The article, “Big Profits, Big Harm? Exploring the Link Between Firm Financial Performance and Human Rights Misbehavior,” published in a recent issue of Business & Society, for the first time asks whether developing country firms that financially outperform their global industry peers become more likely to abuse human rights as their performance relative to peers increases. It also investigates whether (and how much) this relationship is moderated by institutional (coercive and normative) pressures.
This research was motivated to investigate these questions empirically by the increasing number of instances of involvement of large successful firms in human rights abuses. This evidence is surprising since, apart from a few exceptions, most research on organizational misbehaviour predicts that firm abusive behaviours are motivated by financial distress and underperformance, not overperformance and resource abundance. So, why are so many successful firms misbehaving? This question was asked in the context of developing countries, for two reasons. First, despite being rather neglected by research, developing country firms are increasingly achieving the status of global economic and political powerhouses. Second, since many developing country standards – and especially those related to labour and other human rights – are considered to be less strict than internationally accepted standards, it is important and urgent to investigate their human rights behaviours and their sensitivity to institutional pressures.
By combining behavioural and neo-institutional theories, our study considers that the extent to which firms abuse human rights is dependent on the achievement of multiple goals, that is, the primary goal of top financial performance and the secondary goal of international legitimacy. This study exploited novel data on business and human rights – drawing on public information available at sources such as the Business and Human Rights Resource Centre – and estimated a set of tailored econometric models, finding that:
- Firms that outperform their global peers are more, not less likely to abuse human rights as their performance increases. The authors interpreted this as being the result of managers perceiving negative stereotyping due to their country of origin, renewing their efforts to become persistent top world performers, leading to risky human rights decisions to achieve their primary financial goal.

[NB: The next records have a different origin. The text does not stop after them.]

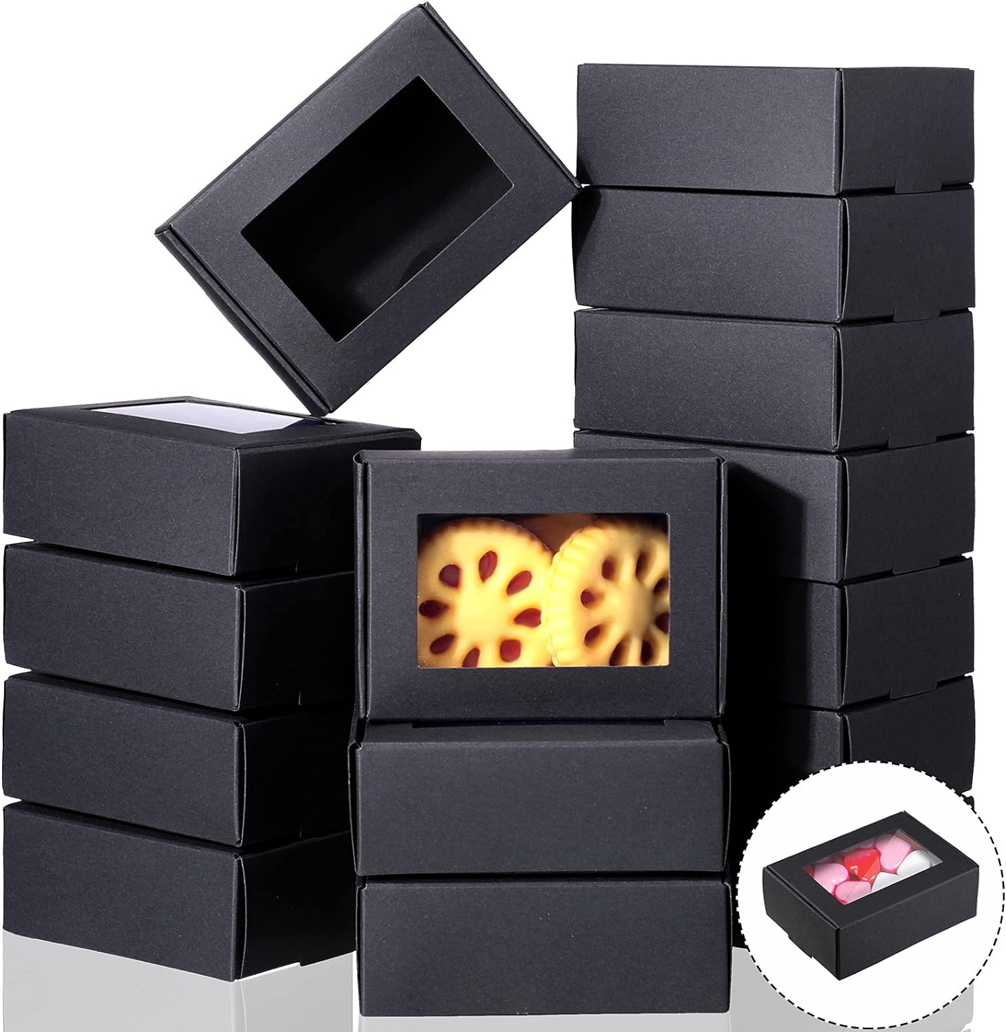 Zonon 30 Pcs Soap Boxes for Homemade Packaging, Mini Kraft Treat Boxes with Window for Bakery Candy Soap Making Gift Packaging (3.7 x 2.6 x 1.37 Inch,Black)
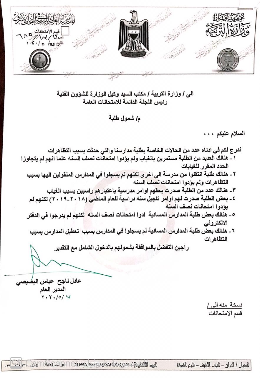طالب المدير العام للتربية في محافظة النجف الاشرف الدكتور عادل البصيصي وزارة التربية بشمول الطلبة المفصولين والمتغيبين عن الدوام وبعض حالات عدم الانتظام بالدوام بشمولهم بأداء الامتحانات الوزارية اسوة بأقرانهم.
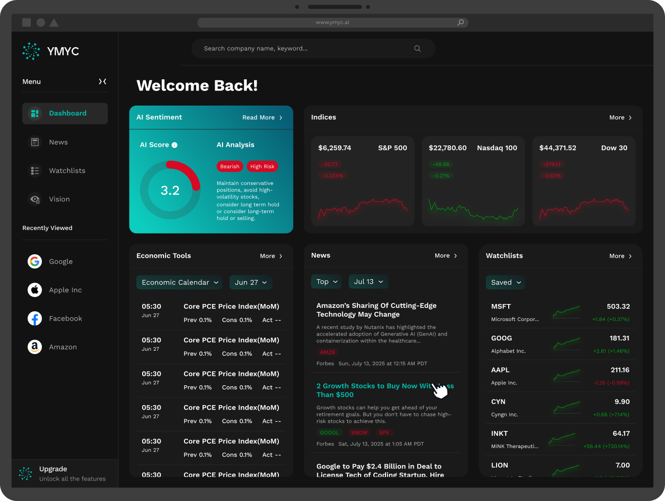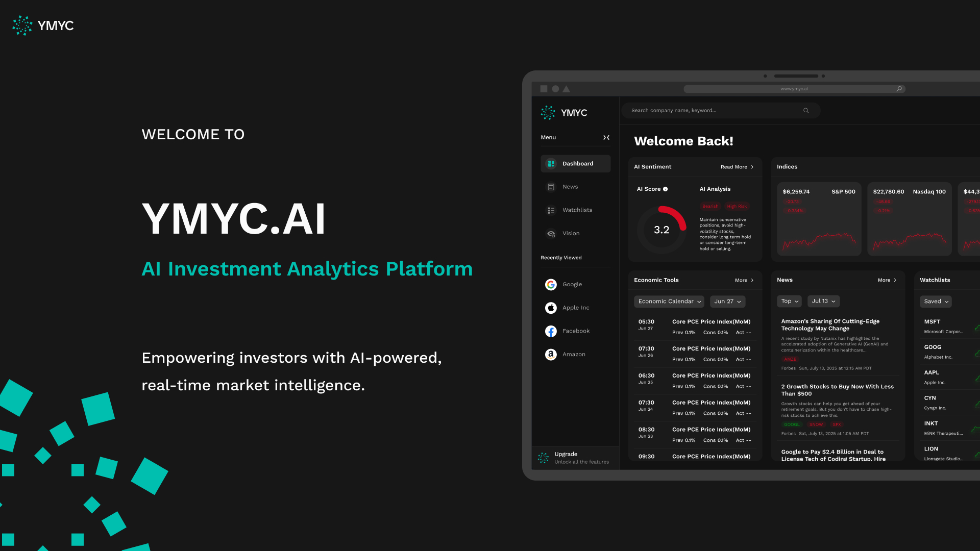 YMYC.AI is an AI-powered financial intelligence SaaS platform designed to transform complex market data into clear, actionable insights. Aimed at empowering both professional and retail investors, the platform delivers real-time market monitoring, macroeconomic signal analysis, industry trend tracking, and personalized AI agent tools — all without facilitating trading transactions.
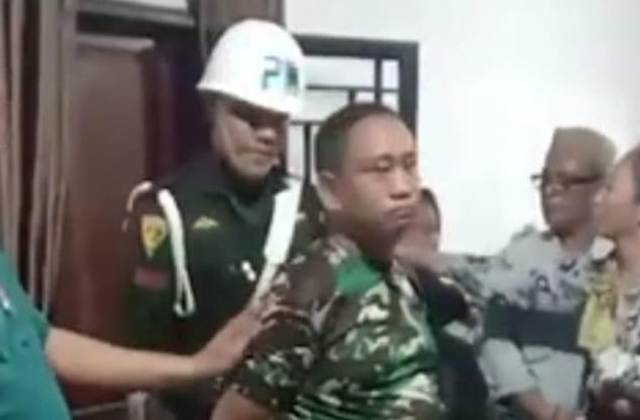 Dalam video tersebut terlihat terduga pelaku menggunakan seraagam loreng diamankan dua anggota Polisi Militer dari dalam rumah dan dibawa ke mobil.

- However, this primary goal and managers’ aspirations must be aligned to the secondary goal of being seen in an international audience as socially legitimate actors. Therefore, this study finds that the positive link between financial performance and human rights misbehaviour was attenuated or even neutralized by the firm’s (a) greater exposure to contexts with more stringent rule of law and, especially, pressure from host countries, and (b) demonstration in their CSR reports, of a stronger alignment to international human rights meta-norms.
Punchline: financially overperforming companies can do tremendous harm, but institutions can work to contain their misconduct. Both soft and hard laws are key to regularizing bad business.